The Life of a Child with Down Syndrome

August 19, 2018 Rachel Rowbottom 0 Comments

Today's society prides itself on embracing differences and being tolerant of others. 

We look back at the strong racism that was prevalent in society with disgust, wondering how others could look down on someone and think of them as less, just because of our differences. 

We wonder how anyone could have believed the lies of Nazi Germany, in thinking there could be a "perfect" human, and those with any sort of disability or weakness should be put to death for being "useless". But at the same time, our society is feeding us the same lies. 

    Society and individuals would be better off if children with disabilities are aborted. 

  Even though it isn't often said right out, it is believed by many. However, this statement is completely untrue.

  Children with Down syndrome are being aborted too frequently, that there is talk of this syndrome being completely eradicated. Not because of some medical procedure, or fewer cases, but because these babies are being murdered. In many countries over 90% of them are aborted. And some people actually believe this is for the good of the child.

    Why would someone believe that it is a good thing to murder someone because of how their brain works, or because they aren't "normal"? Well, down syndrome children are constantly being put into a box. They can't learn, they can't talk, they can't go to school, they can't get a job, they can't be happy. But they can! They can do all these things, and there are many cases where they have jobs, go to college or university, and even get married.

   A study was done on the Self-Perceptions from people with Down Syndrome. It found that 99% were happy with their lives, and 97% liked who they are.

"In our qualitative analysis, people with DS encouraged parents to love their babies with DS, mentioning that their own lives were good. They further encouraged healthcare professionals to value them, emphasizing that they share similar hopes and dreams as people without DS."

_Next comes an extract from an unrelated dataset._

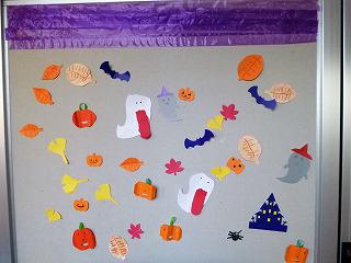 図書室にはハロウインの飾りと一緒に7冊の絵本が並びました。「図書委員会集会でクイズを出すので、読んで下さい。」とのメッセージ付きです。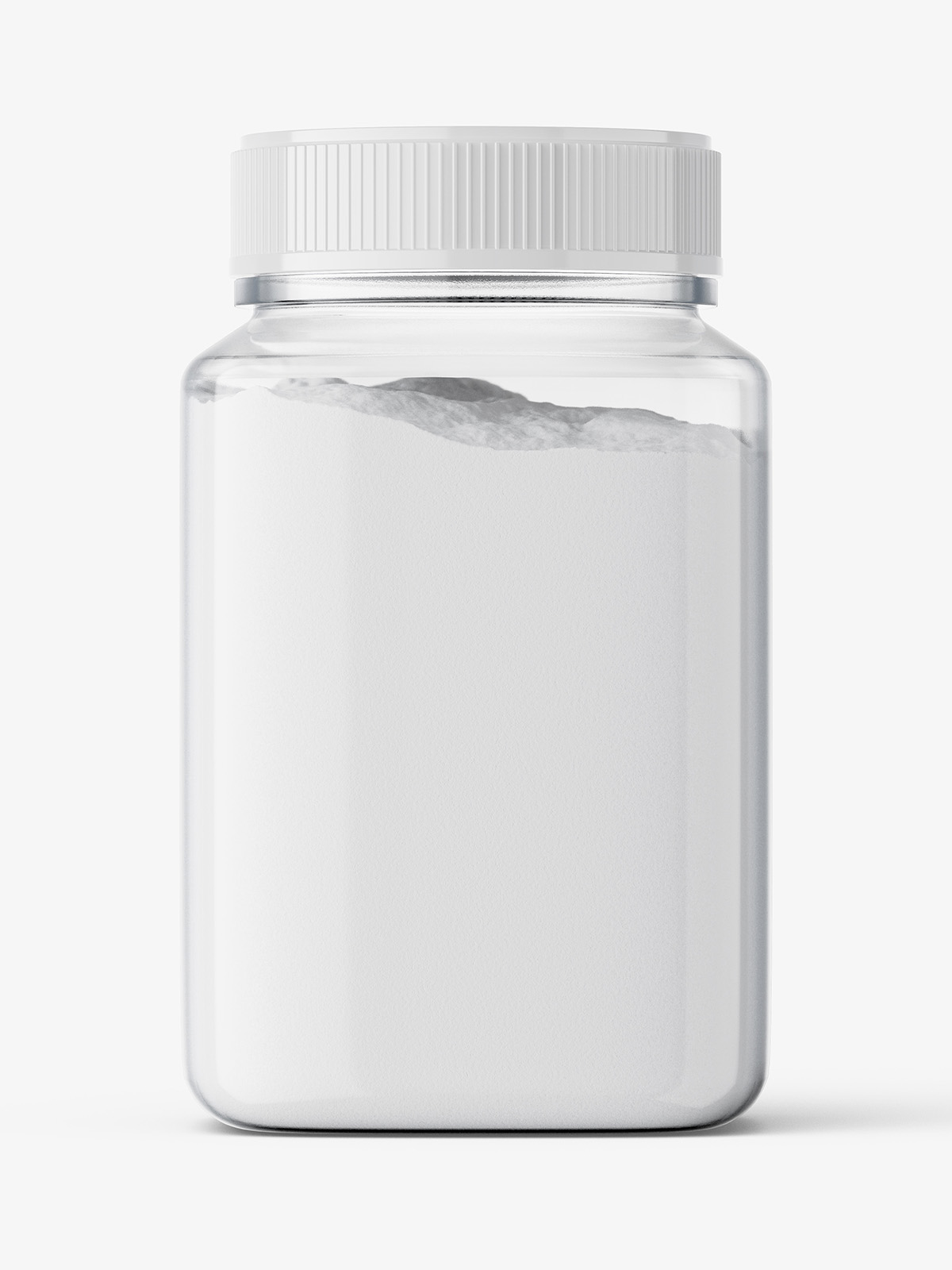 Square jar with medicine mockup. It is easy to use and customize. Mockup is preapred in high resolution. You can adjust label size and shape.

   We are the ones who have problems with Down Syndrome, not those with the syndrome. We have goals, ideals, and a guideline for success. We think that success looks like a high-paying job, being married by a certain age, and having a certain standard of beauty. But isn't it time to realize that happiness & compassion are more important than all those things?

  To find out more about the day to day life of a child with Down Syndrome, and their family, we have interviewed the mother of a child with the syndrome.


What is your favourite thing about your son?

My son is loving, happy and appreciative.  He has a wonderful ability to forgive and forget, to let bygones be bygones and move forward.

How does your son impact those around him, and bring joy to others?

My son brings out the best in others, that is compassion, smiles. People are relaxed around him and friendly towards him. He is very human in his feelings and relationships.  While he loves to play-wrestle with his brothers he is kind and careful of others especially those smaller and weaker than himself. 

What is your son's favourite pastime?

He enjoys and spends time playing with cars, 'reading', listening to music, radio, and audio stories. He also likes riding his bike and scooter, playing basketball with Special Olympics and other sports especially swimming.

If you were going to talk to the expecting parents of a child with down syndrome who were considering abortion, what would you tell them? Why would you say they should keep the baby? 

Every child is a gift.  Sometimes it is harder to see this until later.

What were some misconceptions you had about the syndrome, that you learned over the years to be incorrect? 

 I thought that it would be difficult for him to understand things.  While he is slow to learn with patience he understands many things.  I was concerned for his future but now we look forward to seeing him mature and become independent and self-determining.  There is a lot of help available from community resources.